# Trail suggestions?



## severine (Mar 30, 2010)

For the next 5 weeks, I will be at the West Hartford campus of UCONN twice a week with 1.5 hours between classes. Any suggestions on what I can do that's nearby in that time-frame, including travel time (and potentially a quick change of clothes)? The obvious would be West Hartford reservoir, but I don't know the trails there enough to pick out what I might do in the time I have, so route suggestions would be helpful. Also, it's been 1.5 years since I've been on my bike and I was never as aggressive as you guys, so please don't suggest something that will get me killed. 

Is there anything I'm missing that should be obvious in the area?
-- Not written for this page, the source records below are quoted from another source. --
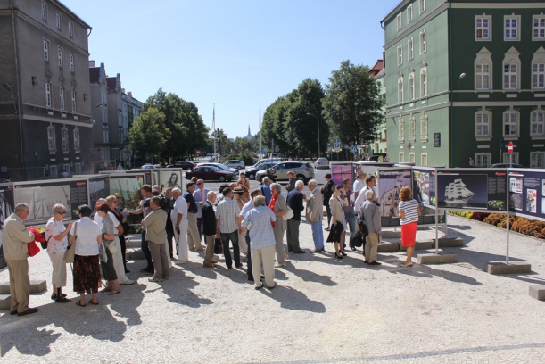 Wystawa poświęcona dokonaniom polskich żeglarzy, kapitanów, jachtów i żaglowców pływających pod biało-czerwoną banderą stanęła przy pl. Armii Krajowej 1 na placu przy Urzędzie Miasta Szczecin.
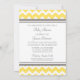 Invitaciones personalizadas para la ducha de bebé en elegantes y modernos y luminosos tonos de limón amarillo, gris y blanco chevron zigzags. Personalizable con tu texto, contáctanos para solicitar un cambio de color.
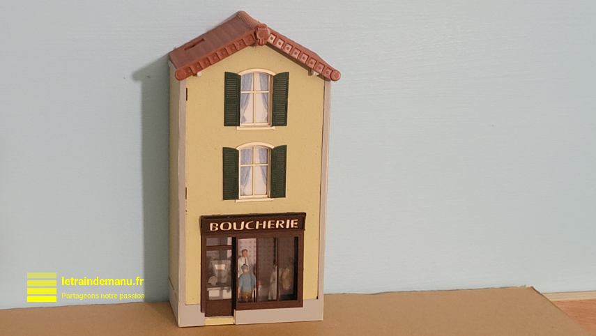 Enfin, mais c’est un souci de taille, le prix de vente est mal positionné par rapport à la concurrence. Cette boucherie a été achetée 29€ à Saint-Mandé 2024. La gamme Architecture & Passion propose des immeubles en bas-relief, plus hauts et plus larges, pour un prix à peine supérieur. A titre de comparaison, la boucherie A&P à trois étages avec 9 fenêtres (3×3), large vitrine et porte d’accès aux étage est affichée à 34€.
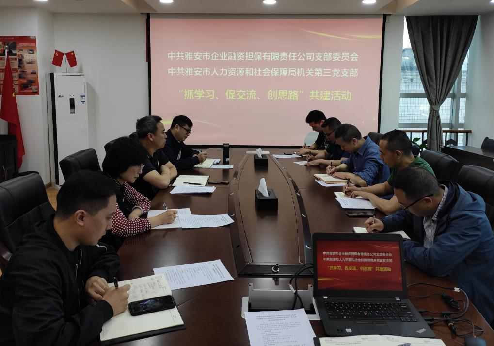 為提升黨建工作水平、促進(jìn)黨建工作融入中心工作,4月26日,市擔(dān)保公司黨支部與市人社局機(jī)關(guān)第三黨支部開展共建活動(dòng)。
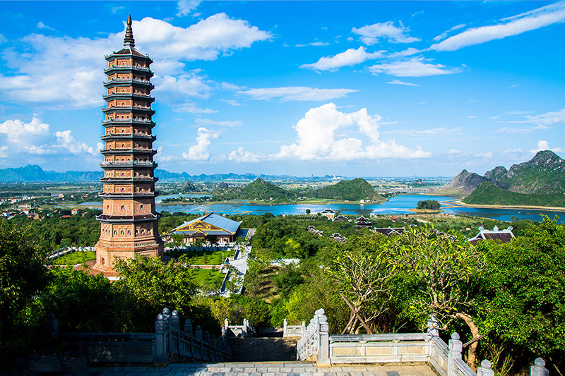 The last stop in the spring trip to Ninh Binh is Bai Dinh Pagoda, a pagoda with its own design, large campus, beautiful stupa, visitors can rent an electric car here for convenient sightseeing.
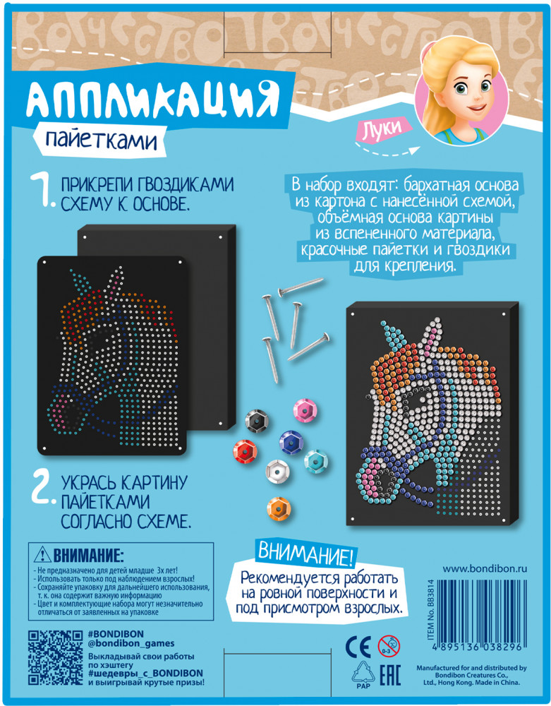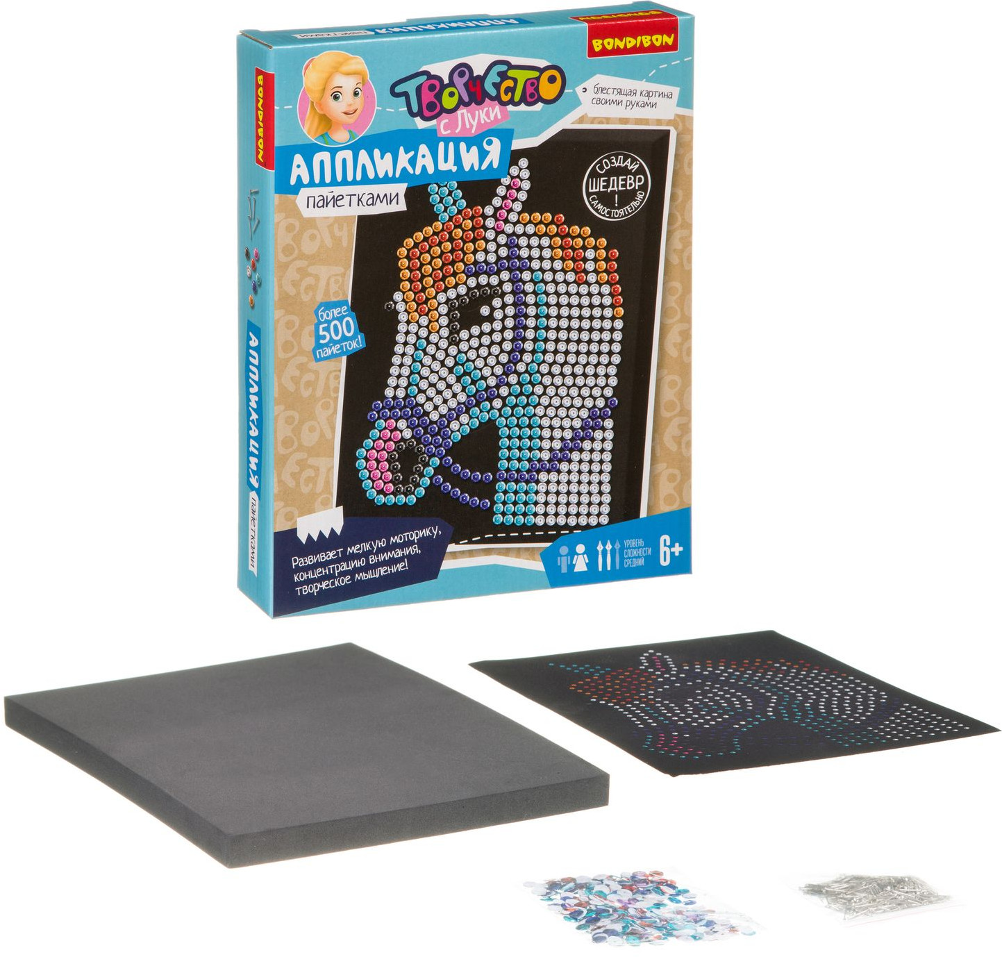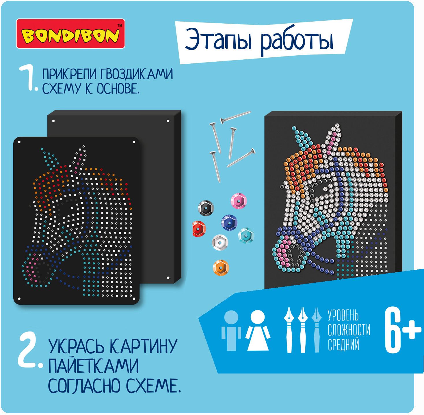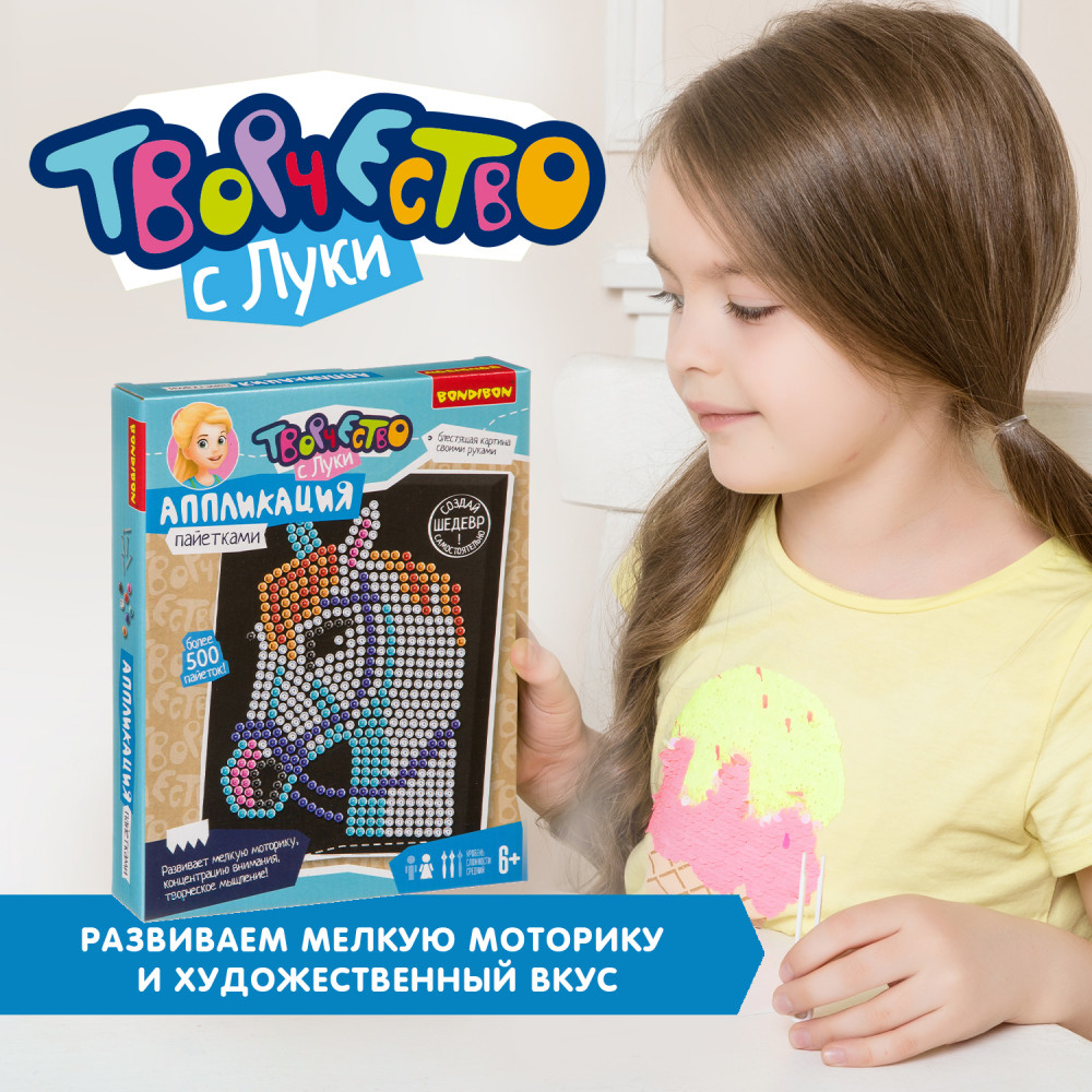 Аппликация из пайеток — увлекательный и завораживающе красивый вид творчества. Работа с этим набором поможет развить мелкую моторику, концентрацию внимания и творческое мышление. По итогу Вы получите очень красивую картину с изображением головы лошади, а также море хорошего настроения и творческого вдохновения!
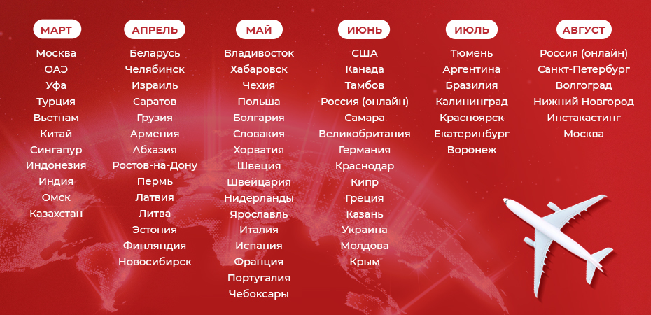 В рамках отборочного этапа пройдёт 25 очных кастингов в городах России. Для участниц, чьих городов не оказалось в расписании, запланированы два дистанционных кастинга. Они пройдут в июне и августе. Кастинги для претенденток из других стран пройдут в формате онлайн и охватят 40 стран. Также в завершении кастинг-тура будут подведены итоги ставшего уже традиционным инстакастинга.
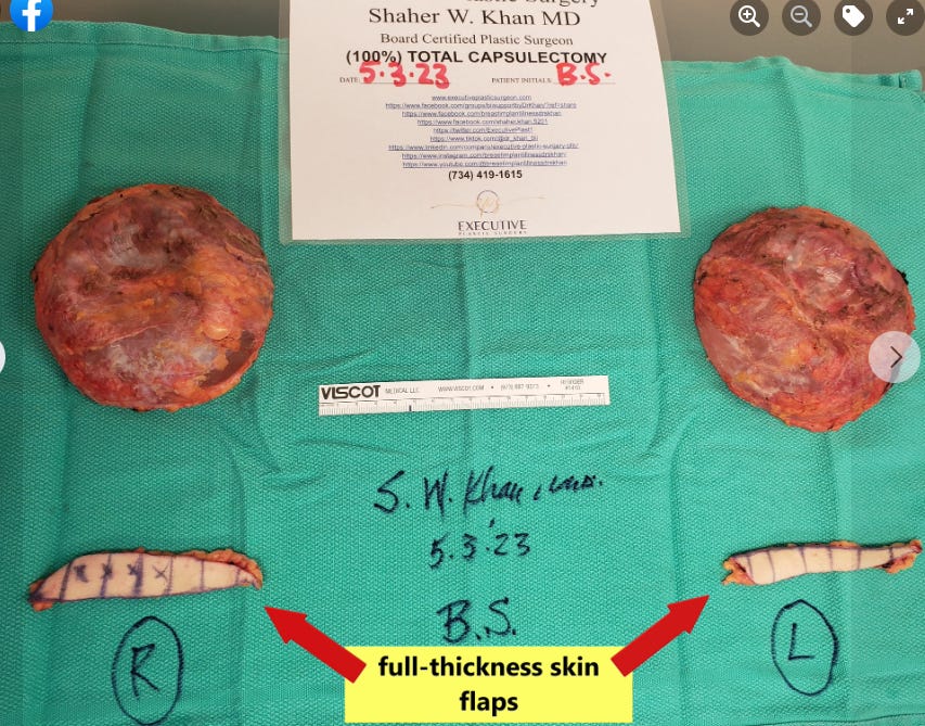 Dr. Khan says that the implant and the entire scar around the implant must be removed in one piece en bloc to relieve breast implant illness symptoms and ensure proper healing. HERE is another video. This requires superior surgical skills and usually takes four hours or more. It is a young man's game and requires an athlete's endurance. Although I did a few lengthy procedures such as facelifts, by the end of my career I could barely tolerate them.
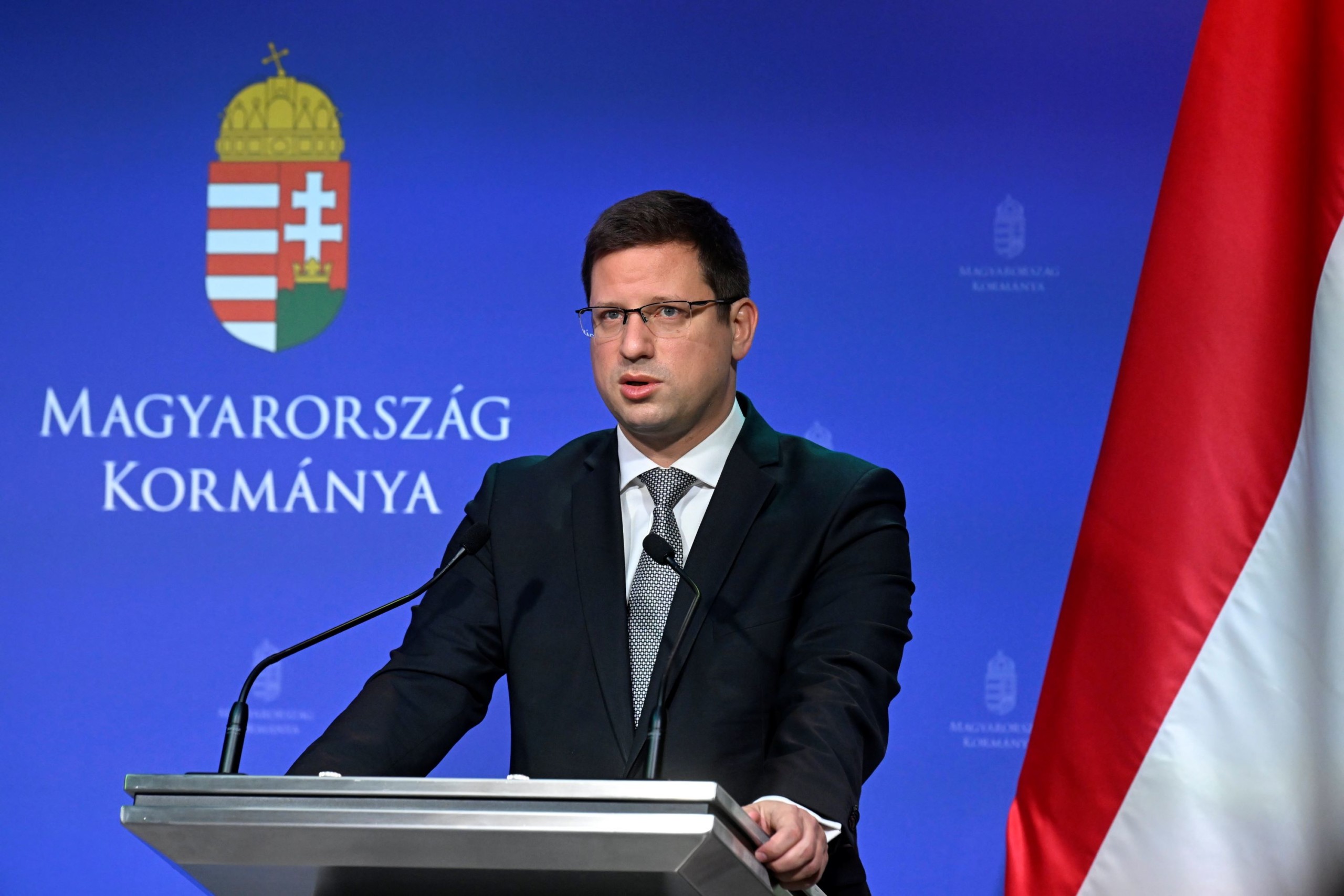 A szerdai “számtalan kormányzati döntés” közül a “legfontosabbakat” ismertette Gulyás Gergely a csütörtöki kormányinfón. A tanárok béremeléséről azt mondta, a pedagógusok legkésőbb hétfőn már a megemelt illetményeket fogják megkapni. Bejelentette azt is, hogy újraindul az újszülöttek SMA-szűrése. Fotó: MTI/Kovács Tamás
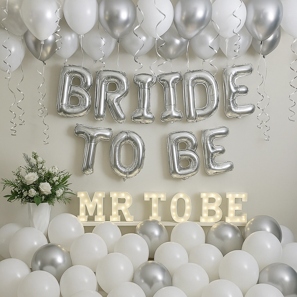- Globo letras "Bride to Be" de 45 cm, disponible en plata o dorado.
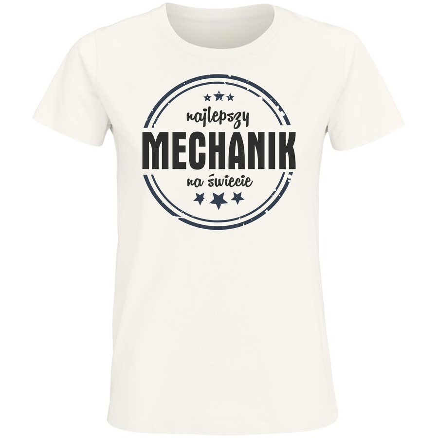 Pokaż światu, kim jesteś! Ta koszulka z hasłem „najlepszy MECHANIK na świecie” to idealny sposób na wyrażenie swojej pasji i dumy z zawodu. Klasyczny, vintage’owy design w formie pieczęci, z subtelnymi gwiazdami, dodaje jej niepowtarzalnego charakteru. To więcej niż ubranie – to manifestacja Twojego talentu i zaangażowania. Idealna na prezent dla zapalonego mechanika, który kocha to, co robi. Wyraź siebie z klasą i poczuciem humoru! Ta koszulka sprawdzi się doskonale zarówno w warsztacie, jak i podczas odpoczynku. Poczuj się wyjątkowy i błyszcz w każdym środowisku! Daj znać wszystkim, że jesteś najlepszy! To świetny sposób na wywołanie uśmiechu i rozpoczęcie rozmowy. Zaoszczędzisz czas i zyskasz podziw!

Heck, even a rail trail bike path would be fine.


----------



## Hergini Coop74 (Mar 30, 2010)

http://www.themdc.com/images/talcmap.pdf

Res. #6 has a nice loop.... Though 1-1/2 hours may not be worth the effort.


----------



## severine (Mar 30, 2010)

I kind of wondered if it's worth the effort as well, given the time constraints. But I figured some time riding is better than none at all.  Thanks for the link!

Looks like Rez 6 is a no biking loop. I've walked it before and I suppose I could do that instead, but I really want to get out on my bike. The other red loop on page 1 may work at 3.4 miles, though.


----------



## bvibert (Mar 31, 2010)

I'd start with the red loop on the first page, you'll have no problem getting that done in your allotted time.  When you get comfortable with that there's other options off of the paved loop that will get you on dirt at least.


----------